Und ich werde dreist und verdreifache diese Zahl nun einfach mal – lande damit also bei 6%.
Ohne jemals zu irgendeinem Weltkonzern gehört zu haben, kann ich doch vermuten, dass ein Manager, der für diese 6% große Beträge in die Hand nimmt und sich dabei auch noch von anderen abhängig macht, wohl morgen schon auf dem Arbeitsmarkt zu haben sein wird, oder?.
Also entweder haben Firmen wie Warner und Universal das MQA-Format zum „Anfüttern“ geschenkt bekommen, oder die wissen etwas, was wir noch nicht wissen.
Denn wie man es auch betrachtet – MQA ist nur dann kommerziell interessant, wenn man damit „in die Breite gehen“ kann. Die größte Überzeugungsarbeit dürfte dabei wohl diese „doofe“ (Entschuldigung) MQA-LED übernehmen müssen.
Mit der kann der Käufer wunderbar seinem Schwager signalisieren: “Jetzt wird es gleich richtig gut! Und mit Deinen Geräten ohne MQA-LED bist Du aber mal so richtig von gestern!”
So eine MQA-LED zieht „in der Breite“ ganz sicher. Und schon bald wird es sie vermutlich aus Fernost für alle Geräte nachzukaufen geben.
Nur eines passt dabei überhaupt nicht:
Diese „Breite“ hört MP3 und nicht HighResAudio!
Und die „Breite“ hört schon keinen Unterschied zwischen MP3 und CD!
Wie will man diesen Kunden denn ein angeblich noch besseres Format verkaufen als HighResAudio?

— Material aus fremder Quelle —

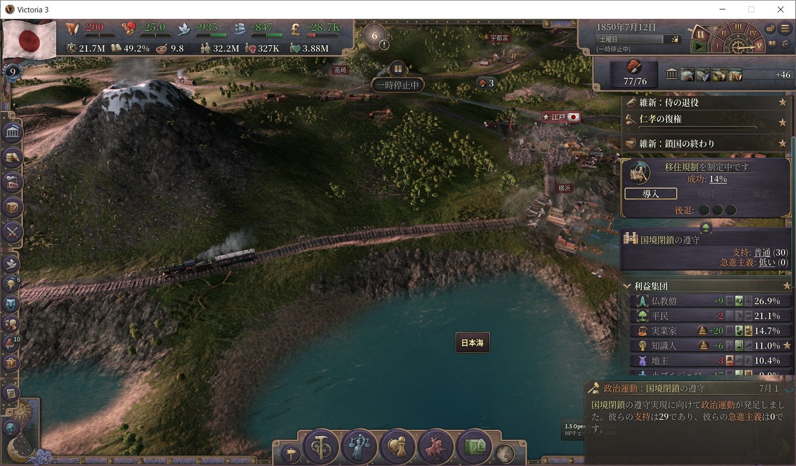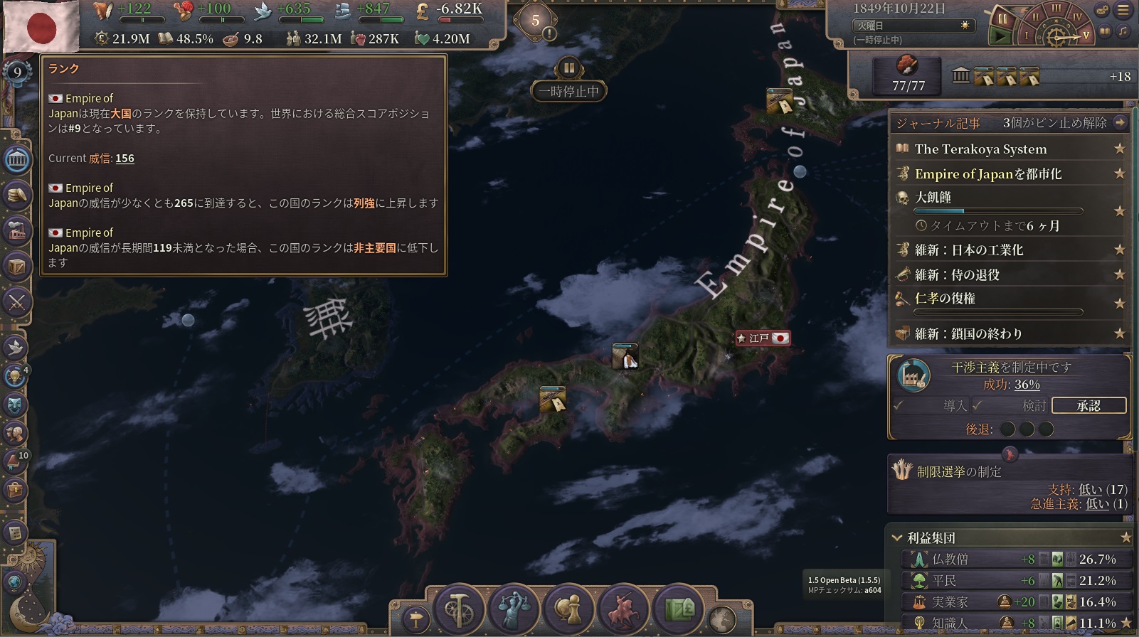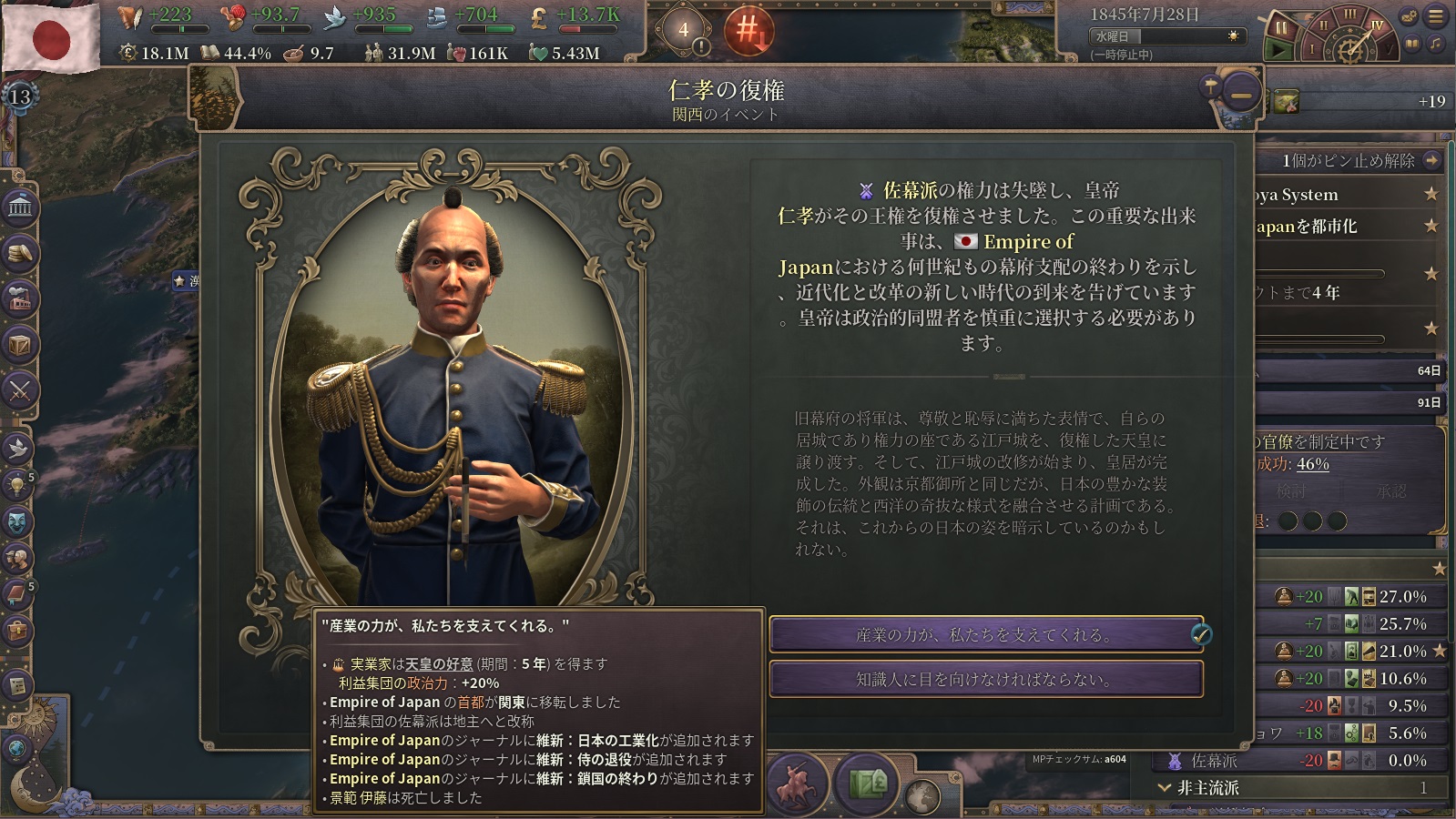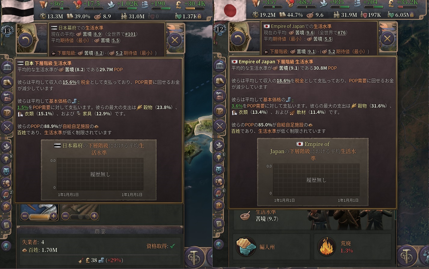GDP成長率は目覚ましいが、他はまだ停滞気味。東北・関東・中国・四国の元反乱軍領を中心に復興を進めていこう。

Nein, so wird das ganz bestimmt nichts mit der „Breite“ als Zielgruppe!
Der Hammer wäre deshalb, gäbe es MQA auch für MP3 und damit auch für unterwegs!

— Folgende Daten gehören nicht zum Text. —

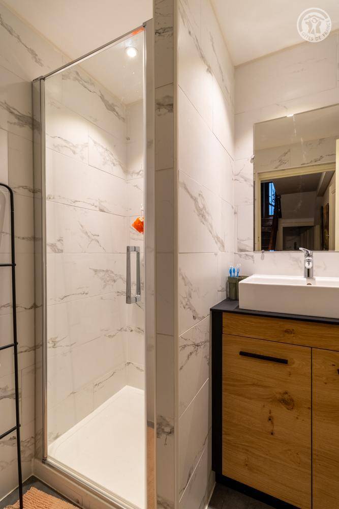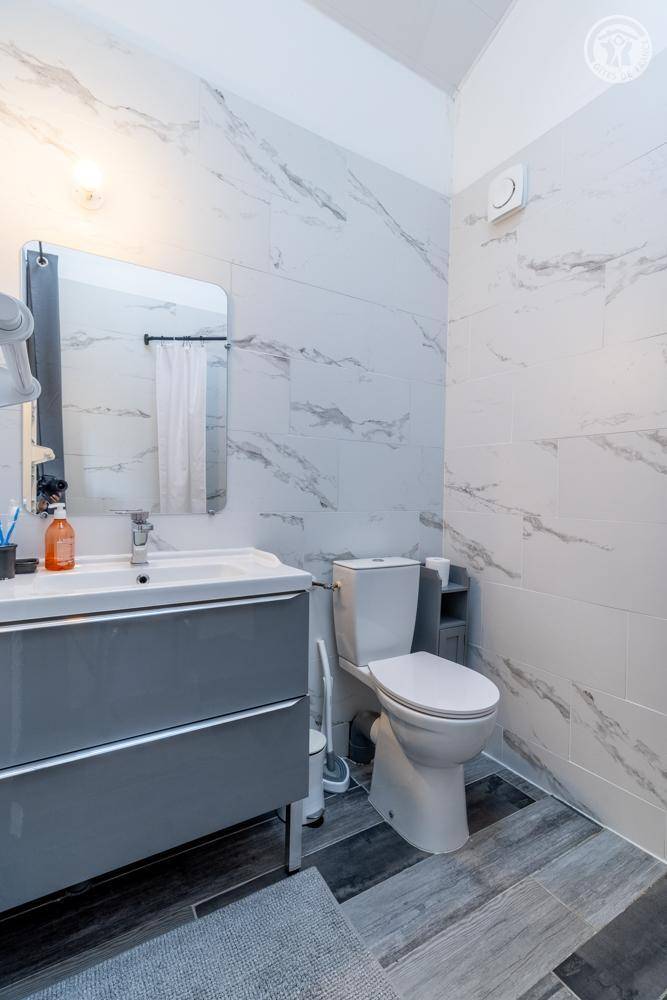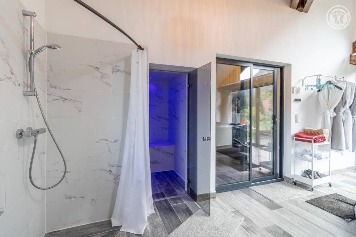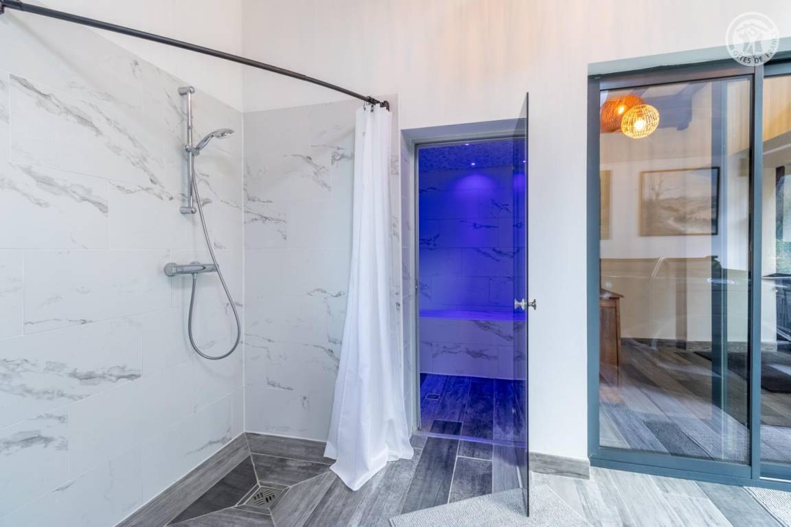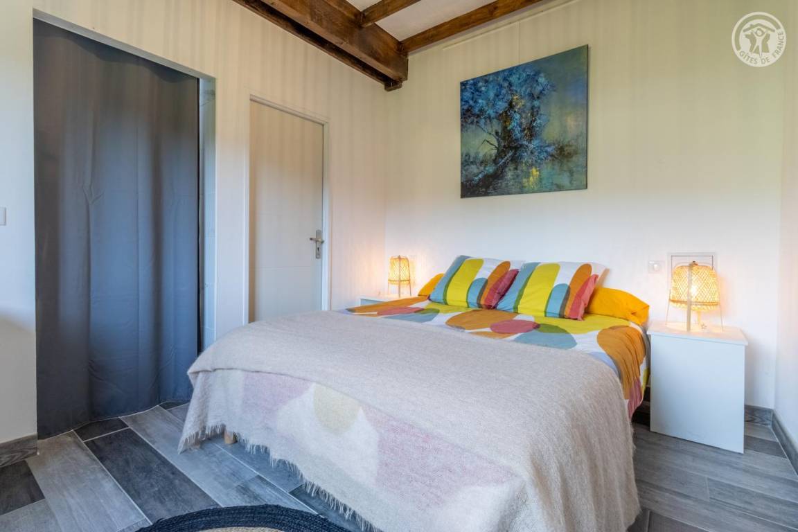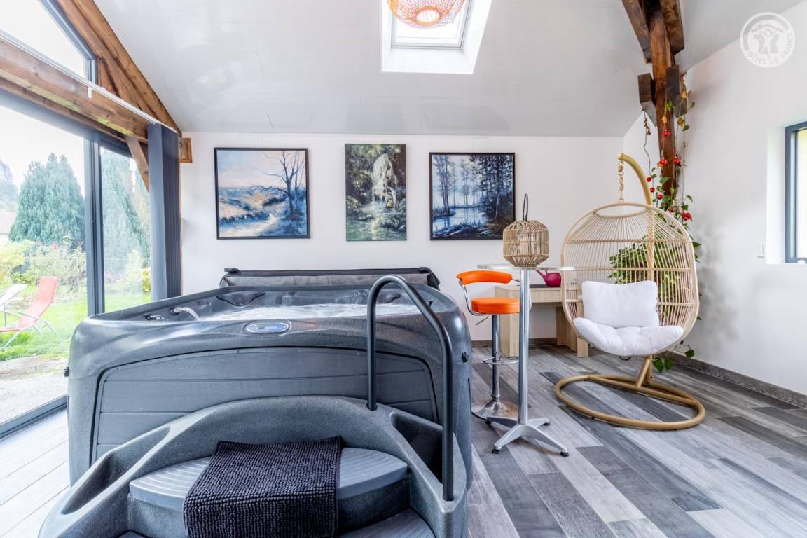 Im Erdgeschoss und 1. Stock des Hauses der Eigentümer. Privatparkplatz neben dem Chalet. Unabhängiger Zugang, auf einer Ebene: Wohnzimmer-Küche, Wellnessbereich (6-Sitzer-Spa, Hamam und Dusche), PMR-Schlafzimmer (1 Doppelbett 160x200 cm mit Bad - Dusche + WC - privat und Waschküche (Waschmaschine), Badezimmer (Dusche), separates WC Im 1. Stock: 2 Schlafzimmer (1 Doppelbett 160x200 cm / 2 Einzelbetten 90x200 cm. Große private Terrasse und gemeinsamer, möblierter Garten.

Eine MQA-MP3, die angeblich besser klingt als eine 24 Bit/192KHz-HighResAudio-Aufnahme! Geil!
Eine „Masterband-MQA-MP3“, bei der die MQA-LED an unserem Smartphone so hell leuchtet, dass alle anderen in der U-Bahn sie sehen können!
Zugegeben – das wäre wirklich etwas für die „Breite“ und das Weihnachtsgeschäft 2017 könnte kommen!
Uhps – hab ich MQA da gerade etwas vorweg genommen?
Oder auf eine Idee gebracht?
Wir werden es sehen.
Meine derzeitige Empfehlung zu MQA?
Nun, um es mit Anke Engelke zu halten: „Aufpassen!“ 🙂
Aber – wenn ich mir etwas wünschen dürfte, dann wäre es sicherlich, dass es mit MQA irgendwie doch funktionieren würde. Aus einem ganz einfachen Grund:
Zurzeit streamen wir zuhause in CD-Qualität (16 Bit, 44,1KHz). Schöner wäre es, wenn wir jede (!) Aufnahme in der besten zur Verfügung stehenden Qualität, also eben auch als 24Bit/192KHz streamen könnten, oder?
Alle Titel – und nicht nur die, die wir „gekauft“ haben.
Kaufen und Downloaden ist von gestern. Wir wollen streamen!
Und wenn mir da jetzt jemand sagen würde, dass die Datenmengen dafür zu groß wären und MQA hier helfen könnte – und dass dann auch alles wirklich besser klingen würde – und man so eine MQA-Datei auch testen könnte, damit man uns nicht anschmieren kann – und wenn sich MQA damit zufrieden geben würde, an so kleinen Dekodierern als Zusatzgeräte zu meiner bestehenden Hardware zu verdienen – ich also meinen Gerätepark behalten darf – dann wäre MQA durchaus auch etwas für mich.
Ja ja – ich hör ja schon auf zu träumen.